Abstract:Finding dense subgraphs is a fundamental algorithmic tool in data mining, community detection, and clustering. In this problem, one aims to find an induced subgraph whose edge-to-vertex ratio is maximized.
We study the directed case of this question in the context of semi-streaming and massively parallel algorithms. In particular, we show that it is possible to find a $(2+\epsilon)$ approximation on randomized streams even in a single pass by using $O(n \cdot {\rm poly} \log n)$ memory on $n$-vertex graphs. Our result improves over prior works, which were designed for arbitrary-ordered streams: the algorithm by Bahmani et al. (VLDB 2012) which uses $O(\log n)$ passes, and the work by Esfandiari et al. (2015) which makes one pass but uses $O(n^{3/2})$ memory. Moreover, our techniques extend to the Massively Parallel Computation model yielding $O(1)$ rounds in the super-linear and $O(\sqrt{\log n})$ rounds in the nearly-linear memory regime. This constitutes a quadratic improvement over state-of-the-art bounds by Bahmani et al. (VLDB 2012 and WAW 2014), which require $O(\log n)$ rounds even in the super-linear memory regime.
Finally, we empirically evaluate our single-pass semi-streaming algorithm on $6$ benchmarks and show that, even on non-randomly ordered streams, the quality of its output is essentially the same as that of Bahmani et al. (VLDB 2012) while it is $2$ times faster on large graphs.
What problem does this paper attempt to address?
### What problem does this paper attempt to solve?
This paper aims to solve the problem of efficiently finding directed dense sub - graphs in large - scale graphs.
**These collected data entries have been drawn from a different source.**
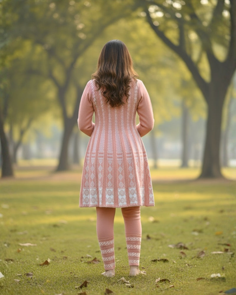 KRITI बुना हुआ ऊनी फ्रॉक कुर्ता सेट | बॉटम वियर के साथ 2-पीस विंटर कुर्ती
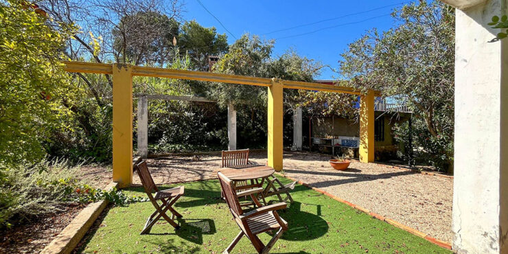 What truly makes this property unique is its “secret garden”: just 200 metres away, you’ll find a separate fully fenced private plot of 1.141 m² full of mature fruit trees, including almonds, olives, oranges, lemons, pomegranates, bananas and grapes. There are also two small storage rooms for tools and plenty of space to spend peaceful hours surrounded by nature, enjoying your very own Mediterranean orchard.
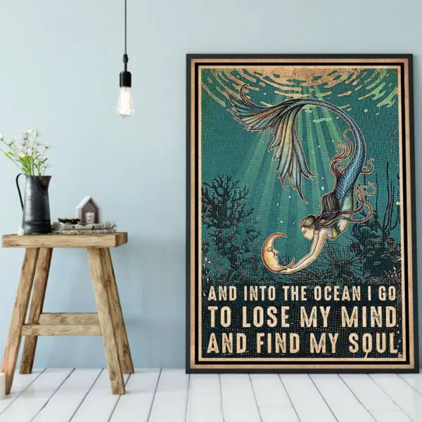 And Into The Ocean I Go To Lose My Mind And Find My Soul Poster Mermaid Art Print Stay Wild Moon Child Wall Art Best Gifts Ever
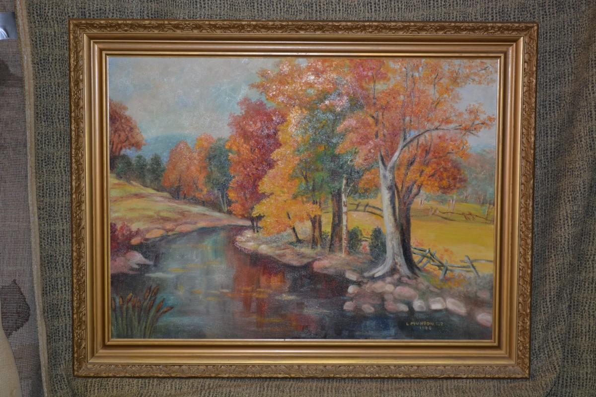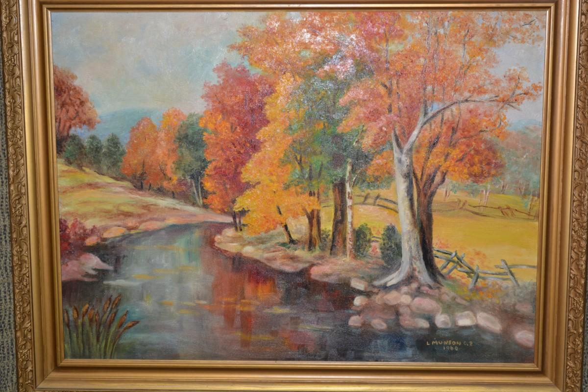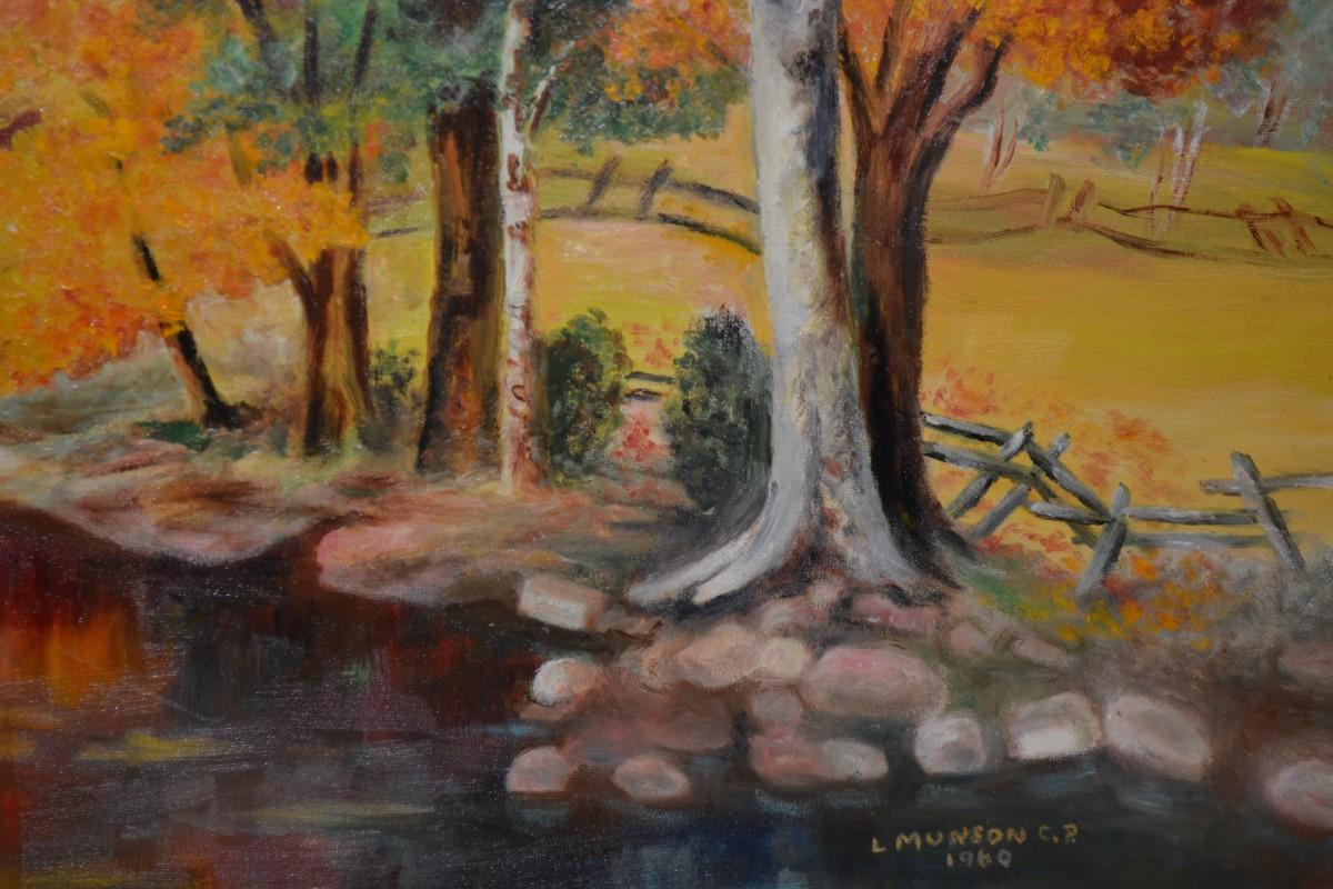 Autumn Landscape Original Art Piece, Vintage 1960 by L. Munson C.R.

Specifically, the researchers focus on how to quickly and effectively find dense sub - graphs in directed graphs in the semi - streaming model and the Massively Parallel Computation (MPC) environment.
#### Background and Motivation
1. **Importance of Dense Sub - graphs**:
- Dense sub - graph discovery is a fundamental tool in applications such as data mining, community detection, spam detection, fraud discovery, clustering, and graph compression.
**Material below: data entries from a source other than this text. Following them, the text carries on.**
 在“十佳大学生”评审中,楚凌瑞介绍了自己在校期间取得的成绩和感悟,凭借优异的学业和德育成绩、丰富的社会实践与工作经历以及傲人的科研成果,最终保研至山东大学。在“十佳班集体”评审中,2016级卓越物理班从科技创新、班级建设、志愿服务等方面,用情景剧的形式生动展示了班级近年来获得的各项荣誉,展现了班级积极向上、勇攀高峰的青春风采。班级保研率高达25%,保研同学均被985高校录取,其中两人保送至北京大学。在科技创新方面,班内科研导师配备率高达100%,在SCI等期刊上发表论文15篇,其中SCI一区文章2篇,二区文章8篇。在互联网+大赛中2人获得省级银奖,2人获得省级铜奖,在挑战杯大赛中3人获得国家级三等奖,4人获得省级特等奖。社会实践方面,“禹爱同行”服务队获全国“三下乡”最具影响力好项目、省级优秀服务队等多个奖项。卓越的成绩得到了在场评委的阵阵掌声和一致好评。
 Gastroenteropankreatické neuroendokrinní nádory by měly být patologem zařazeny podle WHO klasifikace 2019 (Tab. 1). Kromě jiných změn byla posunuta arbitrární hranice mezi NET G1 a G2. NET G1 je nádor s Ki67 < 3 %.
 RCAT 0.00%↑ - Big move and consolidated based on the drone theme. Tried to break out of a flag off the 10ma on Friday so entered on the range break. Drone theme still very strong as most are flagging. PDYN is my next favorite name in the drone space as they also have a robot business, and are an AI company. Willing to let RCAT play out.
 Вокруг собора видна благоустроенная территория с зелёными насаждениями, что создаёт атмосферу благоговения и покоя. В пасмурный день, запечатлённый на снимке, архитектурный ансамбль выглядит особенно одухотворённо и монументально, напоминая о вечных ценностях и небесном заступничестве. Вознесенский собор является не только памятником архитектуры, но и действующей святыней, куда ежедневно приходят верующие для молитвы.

- For undirected graphs, there are already many effective algorithms to find dense sub - graphs, but for directed graphs, the efficiency of existing methods is low, especially when dealing with large - scale graphs.
2. **Limitations of Existing Methods**:
- Existing semi - streaming algorithms either need to traverse the graph multiple times (such as Bahmani et al. [VLDB 2012]), or require a large amount of memory (such as Esfandiari et al. [2015]).
- In the MPC environment, existing directed dense sub - graph algorithms require a large number of rounds, especially in the near - linear memory case.
#### Main Contributions of the Paper
1. **Single - Pass Semi - streaming Algorithm**:
- A single - pass semi - streaming algorithm is proposed, which can output a (2 + ε)-approximate directed dense sub - graph with high probability on a randomized stream while using only O(n·poly log n) memory.
- This algorithm also performs very well on non - randomized streams, being twice as fast as Bahmani et al. [VLDB 2012] and having comparable or even higher accuracy.
2. **Improvements in the MPC Environment**:
- Under the super - linear memory condition, an O(1) - round MPC algorithm is proposed.
- Under the near - linear memory condition, an O(√log n) - round MPC algorithm is proposed, significantly reducing the round - complexity.
3. **Removal of the Assumption of the Optimal Ratio c**:
- By guessing the c value and running the algorithm, the assumption that the optimal ratio c is known is removed, obtaining a 2(1 + ε)√δ - approximate solution.
#### Summary
This paper significantly improves the efficiency of finding directed dense sub - graphs in large - scale graphs by proposing new semi - streaming and MPC algorithms, especially in the case of single - pass and low - memory requirements. These improvements are of great significance for processing modern large - scale directed graphs (such as social networks, email networks, etc.).